In una remota regione dell’Etiopia, dove la gente vive con poco più di niente, abba Giorgio Pontiggia si confronta con povertà, razzie e campi profughi, ma anche con l’entusiasmo dei giovani
Si chiama Baro e significa il “fiume degli schiavi”. È il corso d’acqua che attraversa Gambela, cittadina del distretto occidentale dell’Etiopia. Da qui, partivano barconi carichi di schiavi destinati alle Americhe. Una pagina triste della storia dell’umanità che sembrava sepolta negli archivi del passato. Ma non è così. Lì vicino c’è un altro fiume, il Ghilo, affluente del Baro. Segna il confine con il Sud Sudan. Ma segna anche un presente marcato – sempre e di nuovo – da devastazione, morte e schiavitù. È una storia che si ripete drammaticamente uguale a se stessa. Con pochissimi testimoni. Tra questi, don Giorgio Pontiggia, 74 anni, missionario salesiano, che vive da 27 anni a Pugnido. Per tutti abba Giorgio.
In questo villaggio di ottomila abitanti a un centinaio di chilometri da Gambela – e circa a tre ore e mezzo di strade dissestate – si trova a vivere su una di quelle linee di confine sottilissime, che non sono solo geografiche, ma esistenziali. Un luogo apparentemente in mezzo al nulla, dove si incrociano storie di vita e Storia di popoli.
Ci sono innanzitutto le popolazioni locali, gli anuak, tenacemente arroccati a un’economia minima di sussistenza, piccoli campi e piccoli animali. Ma c’è anche una massa enorme di profughi – più di 80 mila – in fuga dal Sud Sudan e che continua a riversarsi qui, prima per la guerra con il Nord e ora per il conflitto fratricida che sta sfigurando quel che resta del Paese più giovane e fragile d’Africa. E poi ci sono bande di predoni murle, che attraversano il Ghilo quando è in secca, per attaccare e saccheggiare villaggi e, soprattutto, per rapire bambini che – venduti un tempo come schiavi – oggi vengono usati come servi. La sostanza cambia di poco.
«Lo scorso anno – ricorda abba Giorgio – c’è stato l’attacco più grave. I razziatori sono venuti in massa, a piedi, ma armati di tutto punto. Chi dà loro le armi? E chi ha interesse a creare questi gruppi? Sono grandi interrogativi a cui non sappiamo rispondere, ma vediamo le conseguenze nefaste. Nell’aprile del 2016, a Jikawo, non lontano da qui, sono state uccise più di duecento persone e rapiti oltre cento bambini. Per una volta, il governo ha reagito tempestivamente e mandato l’esercito. Sono riusciti a riportarne indietro la maggior parte. Quest’anno, di nuovo, sono venuti poco distante dalla nostra missione, tra due villaggi in cui abbiamo una chiesa.

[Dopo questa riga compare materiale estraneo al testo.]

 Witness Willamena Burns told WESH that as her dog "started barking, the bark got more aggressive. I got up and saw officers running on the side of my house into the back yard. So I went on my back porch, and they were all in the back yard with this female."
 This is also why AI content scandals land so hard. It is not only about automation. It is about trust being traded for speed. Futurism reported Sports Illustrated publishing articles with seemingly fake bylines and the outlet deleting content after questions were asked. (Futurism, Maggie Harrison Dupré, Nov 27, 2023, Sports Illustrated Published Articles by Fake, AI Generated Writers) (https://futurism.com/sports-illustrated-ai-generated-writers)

Erano un centinaio. Hanno distrutto, saccheggiato, razziato animali e rapito bambini. Alcuni sono piccolissimi. Li vendono o li usano come servi. Quando crescono non sanno neppure chi sono e da dove vengono».

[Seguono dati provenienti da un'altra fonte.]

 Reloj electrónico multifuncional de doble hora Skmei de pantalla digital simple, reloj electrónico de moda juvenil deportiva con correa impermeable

La missione salesiana, però, non è mai stata toccata. «Qualche furto, piccoli episodi, niente di grave…», minimizza abba Giorgio, che però in passato si è trovato in mezzo a un altro conflitto. «Nel 2003 – racconta – ci sono stati scontri terribili, questa volta tra gli anuak di qui e gli habesha, gli “abissini”, dell’altopiano, che hanno in mano tutti i commerci. La strada per venire a Pugnido era stata chiusa e sul posto non c’era nessun sacerdote. Questo è durato sino al 2006, quando da Gambela si riusciva a venire solo nel weekend con un convoglio scortato».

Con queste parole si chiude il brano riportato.